= YOUR GOAL =
Within the entries below, find the portion that opens with the line containing "Leuke hartjes bezet" and closes with the line containing "洛陽服務區加油站暖心鋪設防滑墊,確保顧客進出安全". Retype that portion exactly and only.

= EXTRACTED RECORDS =
__________

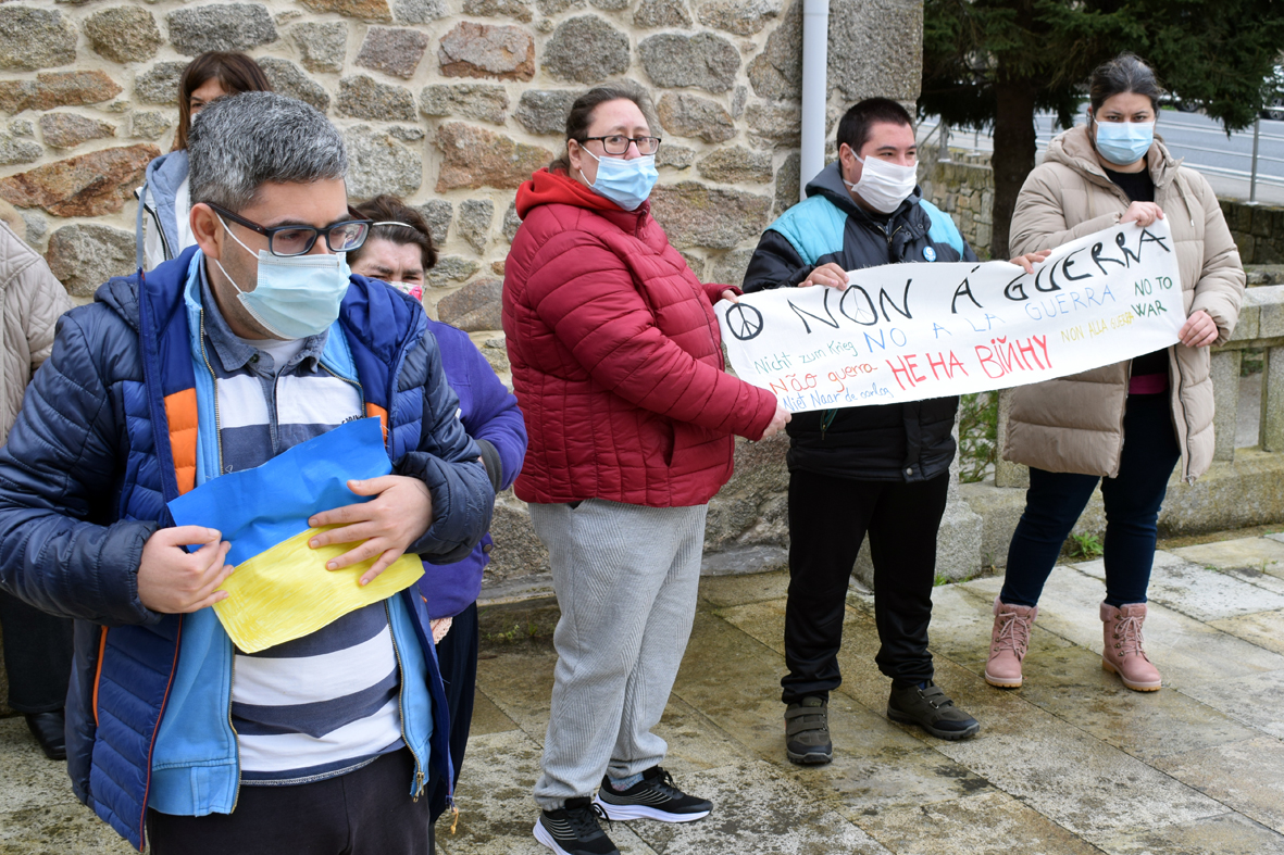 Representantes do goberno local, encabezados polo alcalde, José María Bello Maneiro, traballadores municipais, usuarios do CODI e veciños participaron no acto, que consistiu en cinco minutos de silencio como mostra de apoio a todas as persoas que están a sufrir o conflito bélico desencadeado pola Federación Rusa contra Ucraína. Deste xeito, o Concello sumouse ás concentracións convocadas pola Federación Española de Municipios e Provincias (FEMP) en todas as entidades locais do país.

__________

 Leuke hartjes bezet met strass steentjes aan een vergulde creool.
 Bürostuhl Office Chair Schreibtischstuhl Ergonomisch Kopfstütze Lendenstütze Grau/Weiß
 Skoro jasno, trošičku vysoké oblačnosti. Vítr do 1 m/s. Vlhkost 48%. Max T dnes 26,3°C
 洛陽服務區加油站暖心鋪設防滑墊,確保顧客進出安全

__________

= SOLUTION =
 Leuke hartjes bezet met strass steentjes aan een vergulde creool.
 Bürostuhl Office Chair Schreibtischstuhl Ergonomisch Kopfstütze Lendenstütze Grau/Weiß
 Skoro jasno, trošičku vysoké oblačnosti. Vítr do 1 m/s. Vlhkost 48%. Max T dnes 26,3°C
 洛陽服務區加油站暖心鋪設防滑墊,確保顧客進出安全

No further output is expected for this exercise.